Coerce the abnormal network behavior in incubation period, for before virus or the outburst of deliberate threat software or preclinical network behavior without
Method correctly identifies.
Summary of the invention
The technical problem to be solved in the present invention is to provide a kind of methods of unusual checking based on clustering algorithm, can
The deficiencies in the prior art are solved, virus or the outburst of deliberate threat software can be identified preceding or preclinical network behavior
Come, carries out in due course early warning.
In order to solve the above technical problems, the technical solution used in the present invention is as follows.

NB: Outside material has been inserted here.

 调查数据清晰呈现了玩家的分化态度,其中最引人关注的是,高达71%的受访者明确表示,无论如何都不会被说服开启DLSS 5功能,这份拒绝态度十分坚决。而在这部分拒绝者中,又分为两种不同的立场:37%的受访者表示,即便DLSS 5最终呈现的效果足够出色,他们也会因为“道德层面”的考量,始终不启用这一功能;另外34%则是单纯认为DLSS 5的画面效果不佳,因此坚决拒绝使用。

A method of the unusual checking based on clustering algorithm, comprising the following steps:
A, frequency is established based on the collected connection for equipment, averagely the connection duration, flow bandwidth sample information, shape
At integrated information sample;Classify to the integrated information sample sampled point of equipment, forms the behavior of each equipment
Model;
B, using the behavior model of above equipment, unusual checking is carried out for new sampled point.

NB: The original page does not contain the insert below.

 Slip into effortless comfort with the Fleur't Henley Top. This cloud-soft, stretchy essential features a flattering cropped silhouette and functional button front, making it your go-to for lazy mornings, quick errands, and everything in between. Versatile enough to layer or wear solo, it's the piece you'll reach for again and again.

Preferably, network flow is acquired using the probe device disposed in network, in study stage, period in step A
Property frequency established to the connection of every equipment in network sample, form each equipment connection and establish frequency sampling sample
This, as shown in the table,
Wherein, FM,NIndicate that n-th of sampled point in frequency sampling sample is established in the connection of equipment m.
Preferably, network flow is acquired using the probe device disposed in network, in the study stage, to net in step A
The connection duration of every equipment in network is sampled.Through sampling after a period of time, forms each equipment connection and continue
Time sampling sample, as shown in the table,
Wherein, TM,NIndicate n-th of sampled point in the average connection duration sample of equipment m.
Preferably, network flow is acquired using the probe device disposed in network, in study stage, period in step A
Property the flow bandwidth of every equipment in network is sampled.Through sampling after a period of time, each equipment connection is formed
Duration sample, as shown in the table,
Wherein, BM,NIndicate n-th of sampled point in the average connection duration sample of equipment m.
Preferably, frequency is established in the collected connection for equipment in step A, averagely the connection duration, flow
Bandwidth sample information is measured, integrated information sample is formed, as shown in the table,
Wherein, SM,NIndicate n-th of sampled point in the average connection duration sample of equipment m, and Sm,n={Fm,n,
Tm,n,Bm,n}。
Preferably, classification is carried out to the integrated information sample sampled point of equipment and is included the following steps in step A,
K point is randomly choosed as initial center of mass point, when the cluster allocation result of any one point changes, to data set
Each of data point it is nearest that data point is assigned to distance to each centroid calculation mass center at a distance from data point
Cluster calculates the mean value of all the points in cluster to each cluster, and using mean value as mass center.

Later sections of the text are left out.